To keep the current behavior, use torch.div(a, b, rounding_mode='trunc'), or for actual floor division, use torch.div(a, b, rounding_mode='floor'). (Triggered internally at  /pytorch/aten/src/ATen/native/BinaryOps.cpp:467.)
  return torch.floor_divide(self, other)


['Which data science course should I take?',
 'Which data science course should I take first?',
 'Should I take a data science course?',
 'Which data science class should I take?',
 'Which data science course should I attend?',
 'I want to get started in data science.',
 'Which data science course should I enroll in?',
 'Which data science course is right for me?',
 'Which data science course is best for me?',
 'Which course should I take to get started?']

In [24]:
import torch
from transformers import T5ForConditionalGeneration,T5Tokenizer


def set_seed(seed):
    torch.manual_seed(seed)
    if torch.cuda.is_available():
        torch.cuda.manual_seed_all(seed)

set_seed(42)

model = T5ForConditionalGeneration.from_pretrained('ramsrigouthamg/t5_paraphraser')
tokenizer = T5Tokenizer.from_pretrained('ramsrigouthamg/t5_paraphraser')

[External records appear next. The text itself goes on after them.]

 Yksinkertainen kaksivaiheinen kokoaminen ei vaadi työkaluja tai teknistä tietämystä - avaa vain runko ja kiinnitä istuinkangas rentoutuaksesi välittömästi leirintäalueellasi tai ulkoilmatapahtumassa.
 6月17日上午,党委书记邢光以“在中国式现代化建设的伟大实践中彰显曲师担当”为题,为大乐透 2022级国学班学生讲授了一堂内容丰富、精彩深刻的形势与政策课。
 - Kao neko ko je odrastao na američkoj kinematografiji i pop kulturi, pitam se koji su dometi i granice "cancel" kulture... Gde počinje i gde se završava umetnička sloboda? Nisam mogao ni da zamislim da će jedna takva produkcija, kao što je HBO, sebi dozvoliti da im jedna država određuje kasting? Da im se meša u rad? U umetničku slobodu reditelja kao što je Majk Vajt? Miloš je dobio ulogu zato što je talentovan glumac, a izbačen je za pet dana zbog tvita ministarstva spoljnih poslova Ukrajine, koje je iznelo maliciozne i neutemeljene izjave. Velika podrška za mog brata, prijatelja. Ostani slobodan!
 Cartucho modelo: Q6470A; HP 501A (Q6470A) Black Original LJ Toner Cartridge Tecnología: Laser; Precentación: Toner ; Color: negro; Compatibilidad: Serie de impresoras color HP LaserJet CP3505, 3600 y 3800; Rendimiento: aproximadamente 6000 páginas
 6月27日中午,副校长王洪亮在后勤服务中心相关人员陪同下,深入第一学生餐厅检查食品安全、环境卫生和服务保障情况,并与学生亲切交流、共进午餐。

device = torch.device("cpu")
print ("device ",device)
model = model.to(device)

#sentence = "Which course should I take to get started in data science?"
sentence = "The ultimate test of your knowledge is your capacity to convey it to another."
# sentence = "What are the ingredients required to bake a perfect cake?"
# sentence = "What is the best possible approach to learn aeronautical engineering?"
# sentence = "Do apples taste better than oranges in general?"

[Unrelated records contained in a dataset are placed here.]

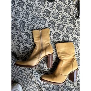 banana leather colored vintage steve madden heeled boots. naturally distressed look amazing in person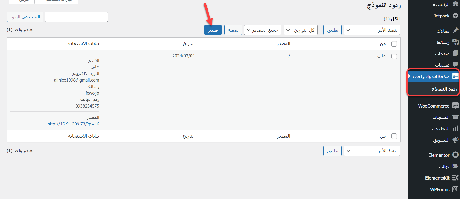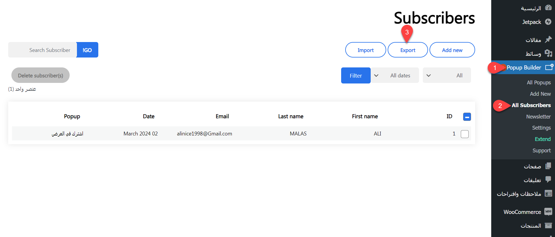 ويمكنك من خلال صفحة Subscribers أن تطلع على بيانات الزوار التي أُدخلت، وكذلك يمكنك تحميل البيانات على شكل ملف CSV من خلال النقر على زر Export.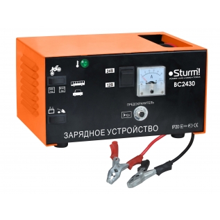 Зарядное устройство Sturm BC2430 - удобное и простое в эксплуатации зарядное устройство, с помощью которого вы легко произведете зарядку аккумуляторов. Однофазное портативное зарядное устройство для аккумуляторов напряжением 24В.- Защита от перегрузок и неправильного подключения,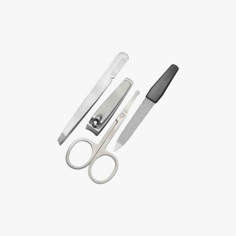 Set van vier on-the-go grooming tools voor het netjes houden van gezichtshaar en nagels. Alle tools zijn gemaakt van duurzaam roestvrijstaal en verpakt in een mooie kunstlederen etui.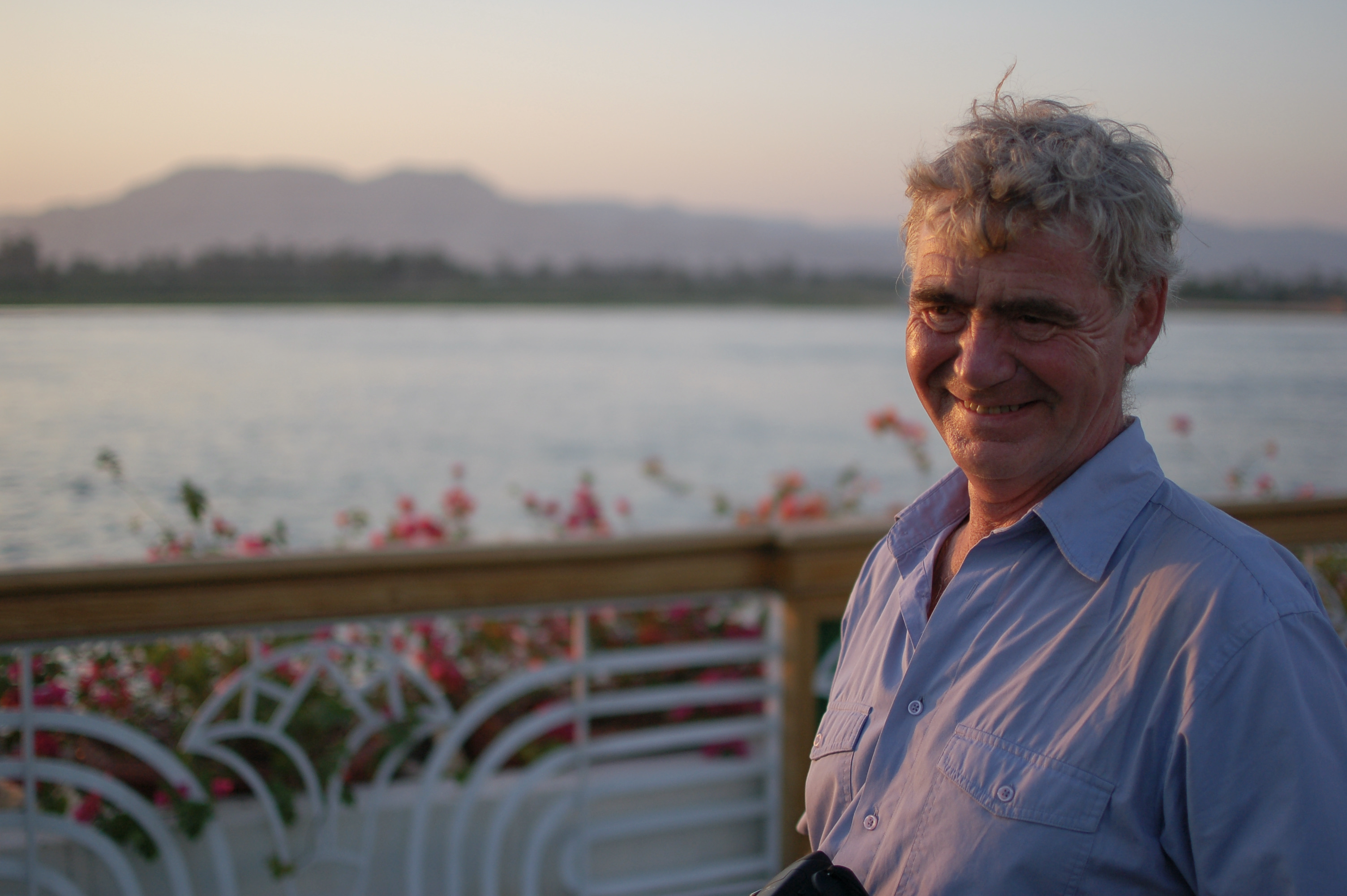 Steve by the Nile at sundown in 2012, with the Theban mountains across the other side of the river in the distance.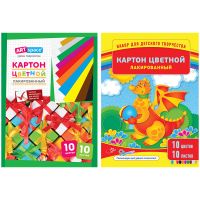 Цветной картон ArtSpace, 10л., 10цв., A4, лакированный, в папке 220684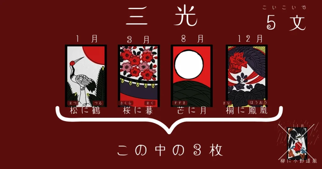 柳に小野道風を除いた4枚の光札のうち、3枚を集めたときに三光になります。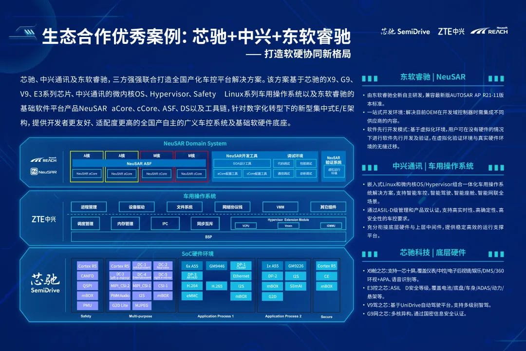 東軟睿馳、中興通訊、芯馳科技三方強(qiáng)強(qiáng)聯(lián)合打造全國(guó)產(chǎn)化車控平臺(tái)解決方案。該方案基于芯馳的X9、G9、V9、E3系列芯片,中興通訊的微內(nèi)核OS、Hypervisor、Safety Linux系列車用操作系統(tǒng)以及東軟睿馳的基礎(chǔ)軟件平臺(tái)產(chǎn)品NeuSAR aCore、cCore、ASF、DS以及工具鏈,針對(duì)數(shù)字化轉(zhuǎn)型下的新型集中式E/E架構(gòu),提供開發(fā)者更友好、適配度更高的全國(guó)產(chǎn)自主的廣義車控系統(tǒng)及基礎(chǔ)軟硬件底座。

text =  "paraphrase: " + sentence + " </s>"


max_len = 256

encoding = tokenizer.encode_plus(text,pad_to_max_length=True, return_tensors="pt")
input_ids, attention_masks = encoding["input_ids"].to(device), encoding["attention_mask"].to(device)

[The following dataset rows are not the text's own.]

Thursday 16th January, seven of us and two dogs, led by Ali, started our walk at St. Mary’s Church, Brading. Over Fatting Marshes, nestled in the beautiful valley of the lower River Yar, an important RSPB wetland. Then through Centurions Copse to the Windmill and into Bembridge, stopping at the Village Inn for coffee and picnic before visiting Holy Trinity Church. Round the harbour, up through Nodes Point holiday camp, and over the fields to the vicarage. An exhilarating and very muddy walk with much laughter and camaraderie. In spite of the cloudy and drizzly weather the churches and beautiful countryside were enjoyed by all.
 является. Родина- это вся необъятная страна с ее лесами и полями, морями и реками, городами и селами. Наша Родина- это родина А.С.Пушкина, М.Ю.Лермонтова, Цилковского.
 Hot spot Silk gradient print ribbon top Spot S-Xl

# set top_k = 50 and set top_p = 0.95 and num_return_sequences = 3
beam_outputs = model.generate(
    input_ids=input_ids, attention_mask=attention_masks,
    do_sample=True,
    max_length=256,
    top_k=120,
    top_p=0.98,
    early_stopping=True,
    num_return_sequences=10
)


print ("\nOriginal Question ::")
print (sentence)
print ("\n")
print ("Paraphrased Questions :: ")
final_outputs =[]
for beam_output in beam_outputs:
    sent = tokenizer.decode(beam_output, skip_special_tokens=True,clean_up_tokenization_spaces=True)
    if sent.lower() != sentence.lower() and sent not in final_outputs:
        final_outputs.append(sent)

for i, final_output in enumerate(final_outputs):
    print("{}: {}".format(i, final_output))

device  cpu

Original Question ::
The ultimate test of your knowledge is your capacity to convey it to another.


Paraphrased Questions :: 
0: The ultimate test of knowledge is your ability to convey it to another person.
1: What is the ultimate test of one's knowledge? How can one communicate this knowledge to another?
2: The ultimate test of knowledge is your capacity to convey it to another.
3: What's the test of knowledge is your capacity to communicate to others with accuracy?
4: COURSE: The ultimate test of knowledge is your capacity to convey it to someone.
5: What is the test of knowledge?
6: How well you can convey information about yourself?
7: The ultimate test for your knowledge is your ability to share it with another.
8: If we are learning a new language, the test for what we know is our capacity to communicate it to others..everyone can gain it.
9: What is the test of your ability to convey information that is unknown to you?